#### [TASK PROMPT]
Keep each entry exactly as written when you repeat it, and skip the images.

#### [MATERIAL PROVIDED]
════════════════

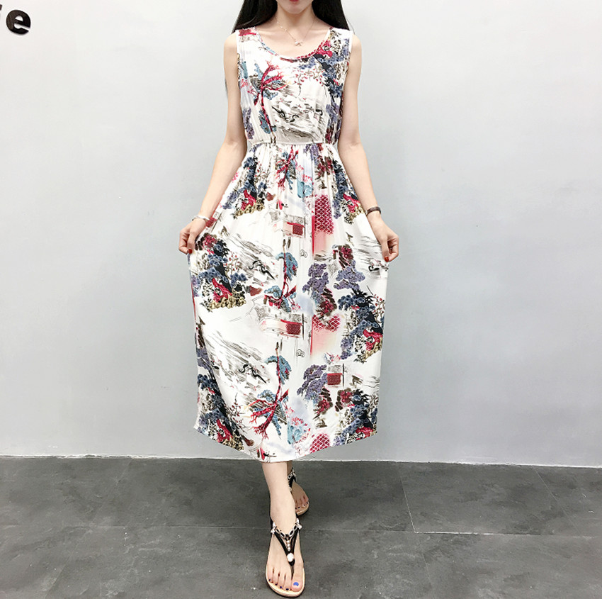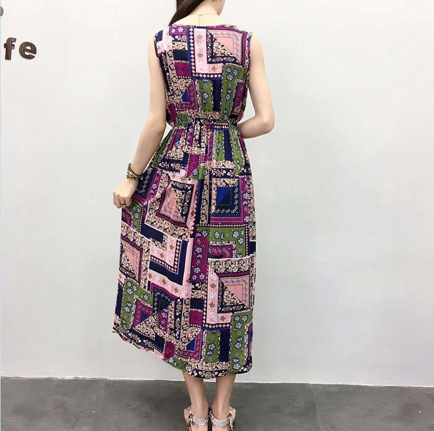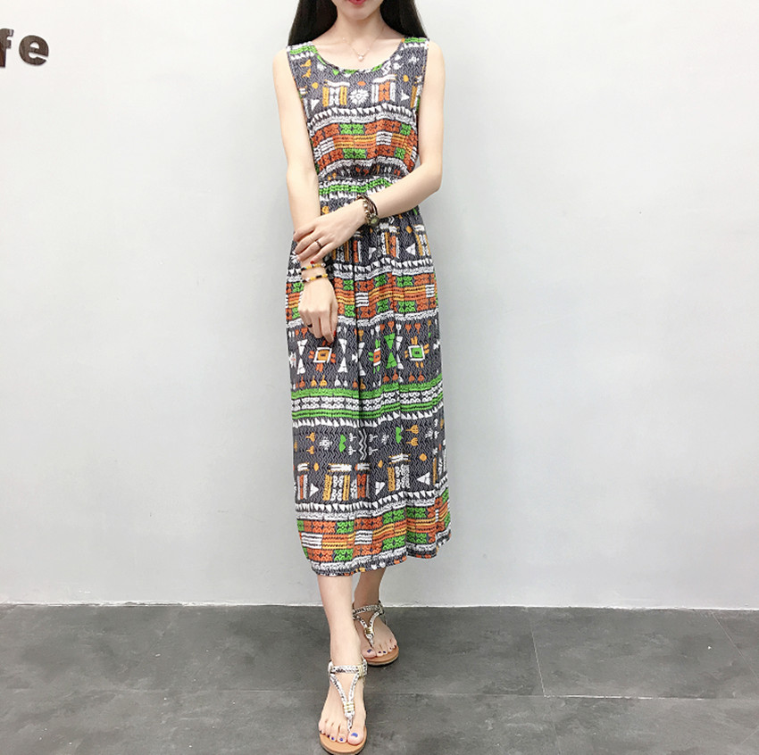 波西米亞長裙沙灘裙連衣裙夏人棉海邊渡假裙綿綢裙棉綢碎花背心裙
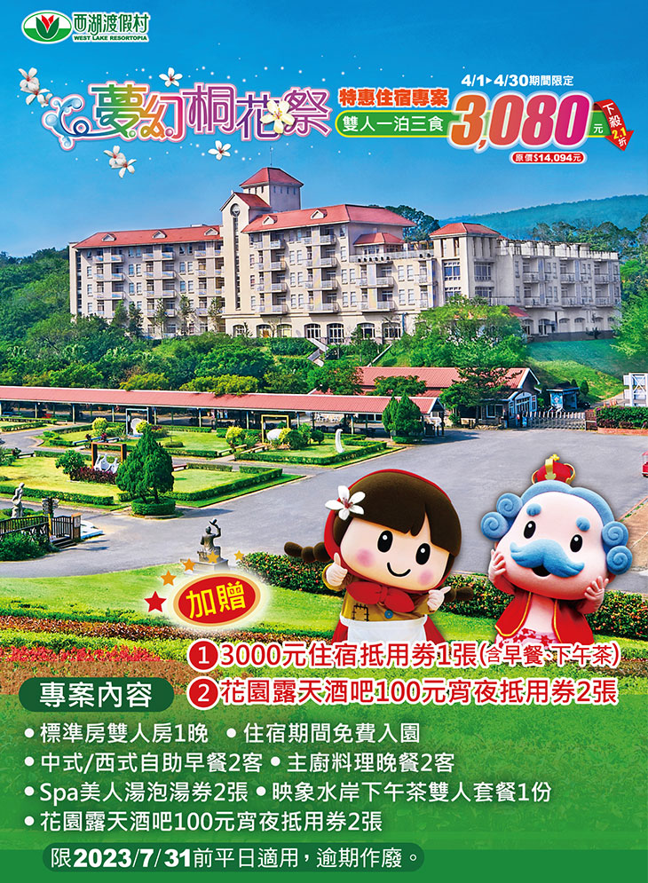 坐落國際慢城三義的西湖渡假村,緊鄰中山高三義交流道,交通便利,60公頃的偌大園區,山林蓊鬱、花木扶疏、空氣清新,更是樂活紓壓的渡假勝地!其中,以歐式風格建造的西湖渡假大飯店,提供雙人房及四人房,搭配主題活動與四季更迭的美景,不論親子出遊、情侶約會、親友相聚都十分適宜。
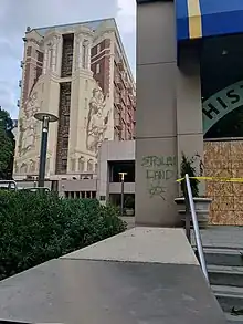 Boarded exterior and mural damage following vandalism to the Oregon Historical Society
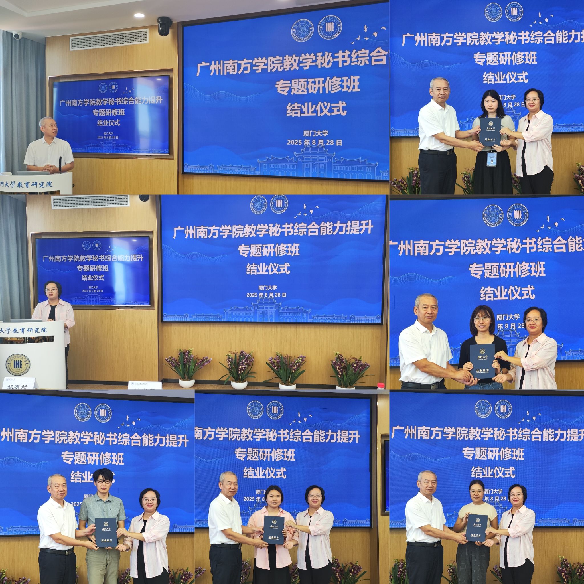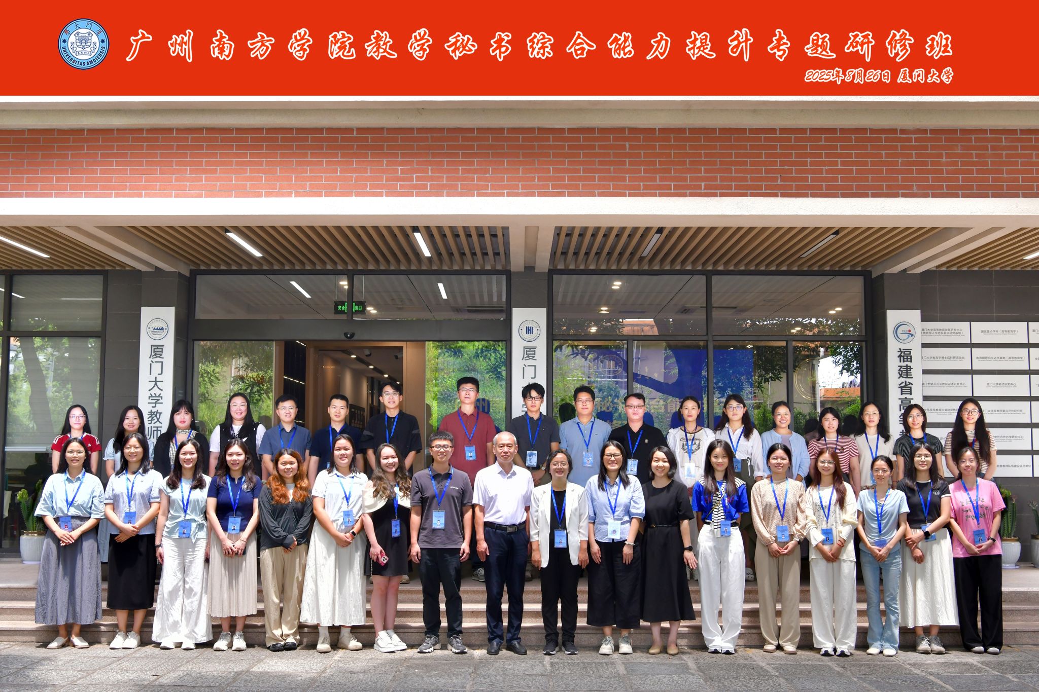 2025年8月25日至29日,9428cn太阳集团古天乐教学秘书综合能力提升专题研修班在厦门大学顺利举行。本次研修班由教务处处长钟肖英教授带队,教务处、教学质量评建与督导办公室等有关人员以及各教学单位教学秘书共计35人参加培训。培训紧密结合实际工作需要,系统设计课程内容,旨在进一步增强教学秘书的综合素养与服务效能。
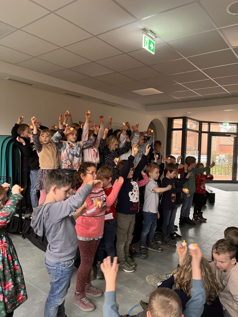 Ein ganz besonderer Gänsehautmoment war das Lied „Lichterkinder“ der Klassen 1 und 2: kleine Lichter, große Stimmung – und plötzlich wurde es ganz still, weil alle gespürt haben, wie besonders dieser Augenblick ist. Zum Abschluss haben wir gemeinsam „Feliz Navidad“ gesungen – fröhlich, warm und genau richtig, um die Feier rund zu machen.
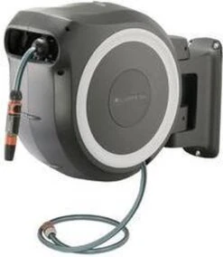 Met de wandslangenbox RollUp XL is het bewateren van een grote tuin aangenaam en eenvoudig. U bevestigt de compacte slangopslag permanent op de muur van uw huis en sluit deze met een aansluitslang aan op de kraan. Dankzij de 35 meter lange slang en de 180 graden draaibare slangenbox is het heerlijk om uw planten te bewateren en is dit geen corvee meer. De slangenhouder volgt uw bewegingsrichting en voorkomt dat de slang gaat knikken of in de war raakt. Nadat u de slang tot de gewenste lengte voor het bewateren hebt uitgetrokken, grijpen de zeer korte vergrendelingspunten zich automatisch vast en blokkeren ze de slang zodra u stopt. Door lichtjes aan het uiteinde van de slang te trekken, wordt het vergrendelmechanisme ontgrendeld en wikkelt een geïntegreerde stalen veer de verlengde tuinslang volledig automatisch, betrouwbaar en gelijkmatig voor u op. Dankzij de innovatieve RollControl-technologie gebeurt het oprollen veilig en gecontroleerd. De geïntegreerde slanggeleider zorgt ervoor dat de slang netjes en gelijkmatig wordt opgerold, zonder dat deze in de knoop raakt. De kraan- en slangaansluitingen van de slangenbox maken deel uit van het Original GARDENA System, zodat u op elk gewenst moment andere GARDENA opzetstukken kunt aansluiten. U hebt altijd uw GARDENA mondstukken bij de hand: ze kunnen onder de muurbeugel worden bevestigd en daar worden opgeborgen om ruimte te besparen. Het hoogwaardige materiaal is UV- en vorstbestendig en bestand tegen weersinvloeden. Daarom kan het systeem het hele jaar door worden gebruikt. Bovendien is de slangopslag beveiligd met een antidiefstalvoorziening. Alle benodigde aansluit- en montageonderdelen worden bijgeleverd in de wandslangenbox RollUp: een muurbeugel, een aansluitslang, alle benodigde Original GARDENA System onderdelen en een mondstuk met twee verschillende sproeiopties. GARDENA geeft vijf jaar garantie op de hoogwaardige slangopslag. Bewatering die altijd gebruiksklaar is , dankzij de GARDENA wandslangenbox RollUp XL.
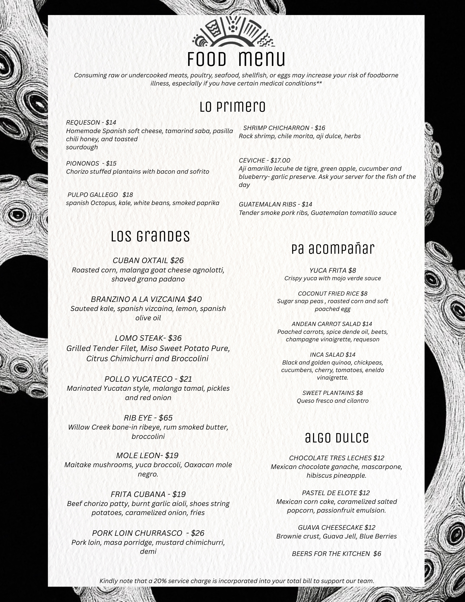 We share our culture, history, and deep love for Latin American food through a menu that travels, from the Argentinian wine country to the seafood-rich waters of Peru, from Brazil’s lush jungles to Colombia’s green mountains, with nods to Mexico’s range and the Caribbean’s bright spirit.

════════════════

#### [RESPONSE]
 波西米亞長裙沙灘裙連衣裙夏人棉海邊渡假裙綿綢裙棉綢碎花背心裙
 坐落國際慢城三義的西湖渡假村,緊鄰中山高三義交流道,交通便利,60公頃的偌大園區,山林蓊鬱、花木扶疏、空氣清新,更是樂活紓壓的渡假勝地!其中,以歐式風格建造的西湖渡假大飯店,提供雙人房及四人房,搭配主題活動與四季更迭的美景,不論親子出遊、情侶約會、親友相聚都十分適宜。
 Boarded exterior and mural damage following vandalism to the Oregon Historical Society
 2025年8月25日至29日,9428cn太阳集团古天乐教学秘书综合能力提升专题研修班在厦门大学顺利举行。本次研修班由教务处处长钟肖英教授带队,教务处、教学质量评建与督导办公室等有关人员以及各教学单位教学秘书共计35人参加培训。培训紧密结合实际工作需要,系统设计课程内容,旨在进一步增强教学秘书的综合素养与服务效能。
 Ein ganz besonderer Gänsehautmoment war das Lied „Lichterkinder“ der Klassen 1 und 2: kleine Lichter, große Stimmung – und plötzlich wurde es ganz still, weil alle gespürt haben, wie besonders dieser Augenblick ist. Zum Abschluss haben wir gemeinsam „Feliz Navidad“ gesungen – fröhlich, warm und genau richtig, um die Feier rund zu machen.
 Met de wandslangenbox RollUp XL is het bewateren van een grote tuin aangenaam en eenvoudig. U bevestigt de compacte slangopslag permanent op de muur van uw huis en sluit deze met een aansluitslang aan op de kraan. Dankzij de 35 meter lange slang en de 180 graden draaibare slangenbox is het heerlijk om uw planten te bewateren en is dit geen corvee meer. De slangenhouder volgt uw bewegingsrichting en voorkomt dat de slang gaat knikken of in de war raakt. Nadat u de slang tot de gewenste lengte voor het bewateren hebt uitgetrokken, grijpen de zeer korte vergrendelingspunten zich automatisch vast en blokkeren ze de slang zodra u stopt. Door lichtjes aan het uiteinde van de slang te trekken, wordt het vergrendelmechanisme ontgrendeld en wikkelt een geïntegreerde stalen veer de verlengde tuinslang volledig automatisch, betrouwbaar en gelijkmatig voor u op. Dankzij de innovatieve RollControl-technologie gebeurt het oprollen veilig en gecontroleerd. De geïntegreerde slanggeleider zorgt ervoor dat de slang netjes en gelijkmatig wordt opgerold, zonder dat deze in de knoop raakt. De kraan- en slangaansluitingen van de slangenbox maken deel uit van het Original GARDENA System, zodat u op elk gewenst moment andere GARDENA opzetstukken kunt aansluiten. U hebt altijd uw GARDENA mondstukken bij de hand: ze kunnen onder de muurbeugel worden bevestigd en daar worden opgeborgen om ruimte te besparen. Het hoogwaardige materiaal is UV- en vorstbestendig en bestand tegen weersinvloeden. Daarom kan het systeem het hele jaar door worden gebruikt. Bovendien is de slangopslag beveiligd met een antidiefstalvoorziening. Alle benodigde aansluit- en montageonderdelen worden bijgeleverd in de wandslangenbox RollUp: een muurbeugel, een aansluitslang, alle benodigde Original GARDENA System onderdelen en een mondstuk met twee verschillende sproeiopties. GARDENA geeft vijf jaar garantie op de hoogwaardige slangopslag. Bewatering die altijd gebruiksklaar is , dankzij de GARDENA wandslangenbox RollUp XL.
 We share our culture, history, and deep love for Latin American food through a menu that travels, from the Argentinian wine country to the seafood-rich waters of Peru, from Brazil’s lush jungles to Colombia’s green mountains, with nods to Mexico’s range and the Caribbean’s bright spirit.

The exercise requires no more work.